The experience is for yourself. Your programs are your own works, and your
curiosity, creativity and insight should drive your passion to improve daily.

That 10 times over.

------
sharmi
Learn to use a version control system. Preferably git.

While the direct impact on your code might not be apparent, it can help in
subtle ways.

1\. When you check into a VCS, the code with have to take some form. It will
ensure that, atleast at the directory level, the mini-project is organized.

2\. The assurance that you can always revert back a change will give you the
confidence to not clutter your pages with blocks of commented code.

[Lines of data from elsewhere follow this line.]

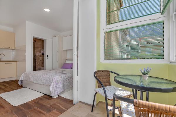 Op slechts een minuut lopen van het strand! Het eerste appartement is het "4+2 appartement" (ID: 58865), voor 4 personen met de mogelijkheid tot een extra bed voor twee personen. De totale oppervlakte bedraagt 85 m² en bestaat uit twee slaapkamers, een grote woonkamer met keuken, twee badkamers en een extra toilet. Het appartement heeft een eigen balkon met uitzicht op zee. Het tweede appartement is op dezelfde verdieping: Studio "Up!" (ID: 58866) voor twee personen met een eigen terras voor twee personen. Het derde "3+2 appartement" (ID: 63762) van 65 m² biedt accommodatie op de begane grond voor maximaal 5 personen, en de vierde Studio "Olive Tree" (ID: 65589) voor twee personen bevindt zich eveneens op de begane grond van het huis.
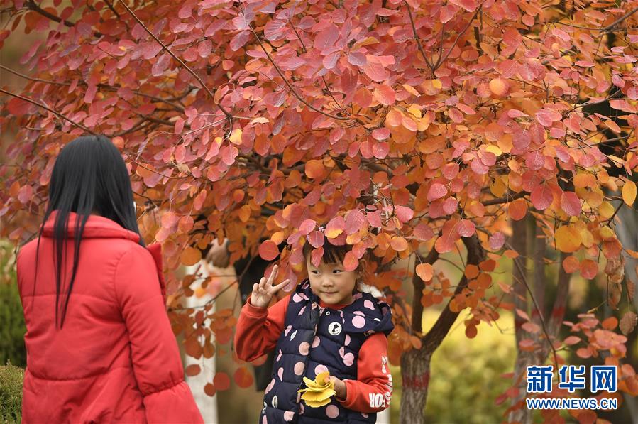市民在寧夏銀川市鳳凰公園欣賞秋景(10月20日攝)。
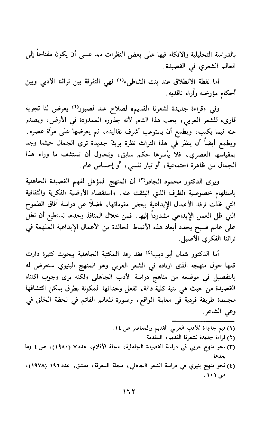 3 نحو منهج عربي في دراسة القصيدة الجاهلية، مجلة الأقلام، عدد 7 "1980"، ص4 وما بعدها.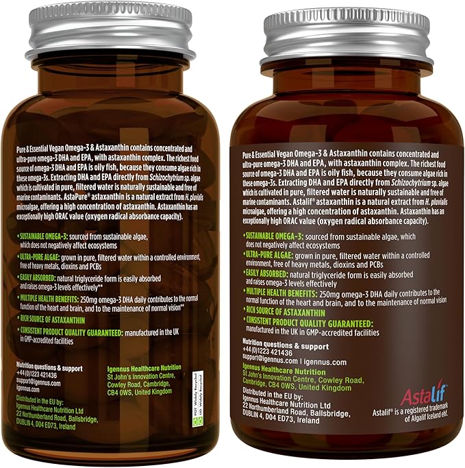 Vegan Omega-3 Natural Triglyceride Algae Oil, DHA & EPA Fatty Acid Supplement, 180 Small Softgels with Astaxanthin, Easy-to-Swallow, Pure & Sustainable, 90 Servings, by Igennus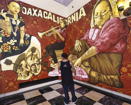 – « Tlacolulokos – Oaxacas à Los Angeles », jusqu’au vendredi 30 août, à l’entrée de ce même Musée, nous présentant d’immenses fresques de rues, réalisées, in situ, par Cosijosea Cernas et Dario Canul, descendants des indiens Zapothèques, fondateurs de« Tlacolulokos », un collectif de peintres soucieux detémoigner de l’important soulèvement populaire, qui survint en 2006, au sein de la cité-état d’Oaxaca, d’autres oeuvres murales de ces deuxartistes étant à découvrir à la « Maison Folie Moulins », ainsi que dans l’espace public lillois.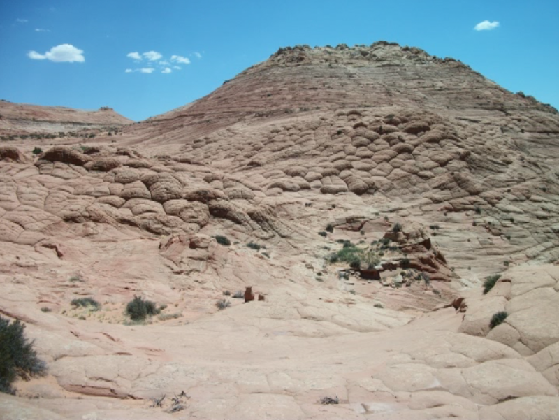 Hike: van boven af zie je een wash. Ga die in en volg deze in zuid oostelijke richting. Je kan ervoor kiezen om beneden door de wash te lopen, je kan op diverse plaatsen ook een pad aan de bovenzijde volgen. Het pad aan de bovenzijde snijdt de bochten van de wash af, dit is dus iets korter. Als je aan de bovenzijde loopt heb je wel iets meer met kleine hoogteverschillen te maken.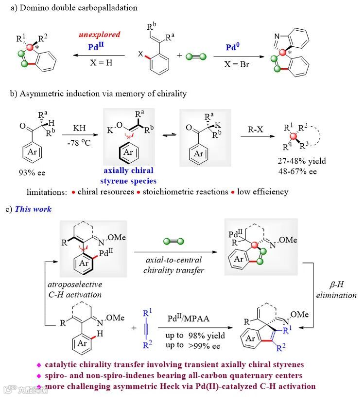 )-构型,与螺环产物构型相反。这是首例将轴手性苯乙烯结构金属中间体应用到催化手性转移过程的报道,为各种螺环和非螺环茚类化合物的合成奠定了基础,同时拓宽了季碳立体中心的构筑方法。

3\. A few months/years later, it will help you realize how much you have
learnt.

And, maybe, just maybe, you just might end up with a portfolio to showcase :)

------
gravedave
Look for mentorship.

Remember that no matter how you code, there are always both better and worse
ways of doing it.

Don't get too polarized about the language you start out with. All programming
languages have pros and cons.

When coding, Don't Repeat Yourself, use source control, and learn to be
independent and resourceful by looking up stuff on your own instead of looking
for someone to ask about it.

------
amasoean
Get Feedback, early and continuously. By people you trust and am comfortable
telling you to do things.

Learning to code easily leads you down a rabbit hole where you can't see the
outside anymore. Getting feedback allows you to see beyond what you do at the
moment and also realise when to do the next step or move to a different topic.

------
LarryMade2
This is stuff that takes years to realize

\- Formatting and readability including variable, table and field names (this
save a lot of headaches in the long run)

\- File structure

\- Taking time to refactor to achieve the above.

\- Don't be afraid to try a junk idea you've thought about, just trying it
would increase your chances of discovering something cool

------
FlyingAvatar
When something is broken, and things will break often, understand as best you
can why it's broken.

Do that several thousand times.

------
brudgers
The book is _Code Complete_.

[http://www.amazon.com/Code-Complete-Practical-Handbook-
Const...](http://www.amazon.com/Code-Complete-Practical-Handbook-
Construction/dp/0735619670)

------
logn
Learning to code? None.